→ Your objective: The records below hold pictures; please leave those out and retype the rest exactly.

→ Material supplied:
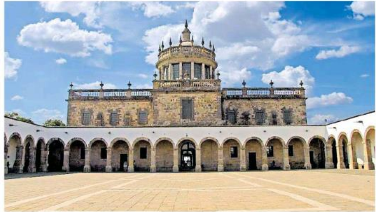
El Instituto Cultural Cabañas será sede del evento.

Para esta edición, el IMA capacitará a 25 profesionales seleccionados mediante una convocatoria conjunta entre British
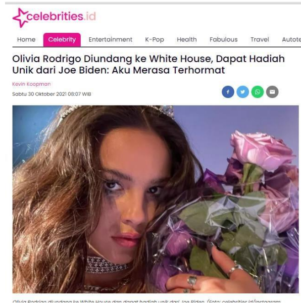
Gambar 3.1 Salah Satu Contoh Berita Harian

visual atau audio visual sehingga penulis harus menerjemahkan dan menyusun ulang konten artikel dari media internasional ke versi bahasa Indonesia. Setelah artikel selesai dikerjakan, penulis mengirimkan ke grup yang sama untuk disunting dan juga dievaluasi oleh redpel dan editor. Setelah itu, berita diunggah ke laman resmi oleh editor.
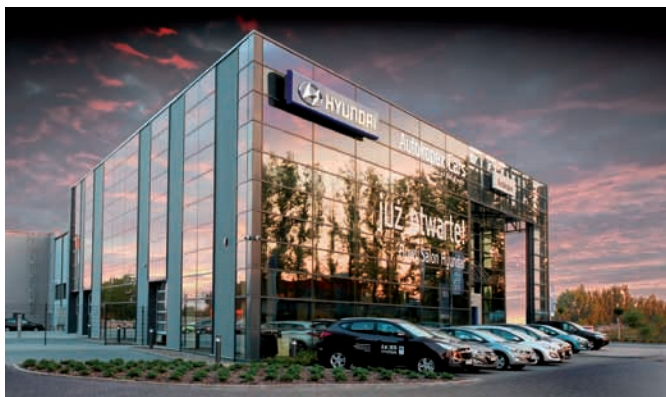
Siedziba Autokopex Cars

Za chwilę miną trzy lata odkąd firma Autokopex Cars, znany na Śląsku i Zagłębiu autoryzowany dealer Hyundai z Mysłowic, pojawił się z nową siedzibą w prestiżowym miejscu przy Alei W. Roździeńskiego w Katowicach.
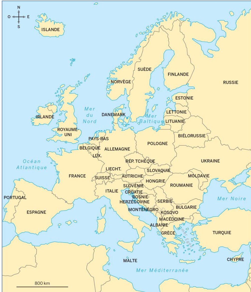
Les pays d'Europe

Situer le pays en Europe , écrire sa capitale et dessiner le drapeau.
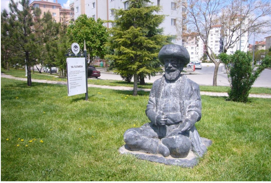
Resim 3.38. Eskişehir Gülmece Parkı 2
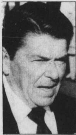
M. Ronald Reagan

WASHINGTON — La bataille électorale américaine aura peut-être finalement lieu: après avoir réussi à naviguer sans encombre au dessus de la mêlée dans une sérénité toute présidentielle, Ronald Reagan rencontre des pépins dans son scénario, et se voit contraint de croiser le fer. C'est bien toujours le même Ronald Reagan, bardé d'optimisme qui va affronter dimanche son adversaire Walter Mondale au cours de leur premier débat télévisé (il y en aura deux entre les candidats à la présidence, un autre entre les candidats à la vice-présidence.) Mais c'est aussi un président qui vient de connaître deux semaines plus difficiles que prévu.

→ Solution for this problem:
El Instituto Cultural Cabañas será sede del evento.

Para esta edición, el IMA capacitará a 25 profesionales seleccionados mediante una convocatoria conjunta entre British
Gambar 3.1 Salah Satu Contoh Berita Harian

visual atau audio visual sehingga penulis harus menerjemahkan dan menyusun ulang konten artikel dari media internasional ke versi bahasa Indonesia. Setelah artikel selesai dikerjakan, penulis mengirimkan ke grup yang sama untuk disunting dan juga dievaluasi oleh redpel dan editor. Setelah itu, berita diunggah ke laman resmi oleh editor.
Siedziba Autokopex Cars

Za chwilę miną trzy lata odkąd firma Autokopex Cars, znany na Śląsku i Zagłębiu autoryzowany dealer Hyundai z Mysłowic, pojawił się z nową siedzibą w prestiżowym miejscu przy Alei W. Roździeńskiego w Katowicach.
Les pays d'Europe

Situer le pays en Europe , écrire sa capitale et dessiner le drapeau.
Resim 3.38. Eskişehir Gülmece Parkı 2
M. Ronald Reagan

WASHINGTON — La bataille électorale américaine aura peut-être finalement lieu: après avoir réussi à naviguer sans encombre au dessus de la mêlée dans une sérénité toute présidentielle, Ronald Reagan rencontre des pépins dans son scénario, et se voit contraint de croiser le fer. C'est bien toujours le même Ronald Reagan, bardé d'optimisme qui va affronter dimanche son adversaire Walter Mondale au cours de leur premier débat télévisé (il y en aura deux entre les candidats à la présidence, un autre entre les candidats à la vice-présidence.) Mais c'est aussi un président qui vient de connaître deux semaines plus difficiles que prévu.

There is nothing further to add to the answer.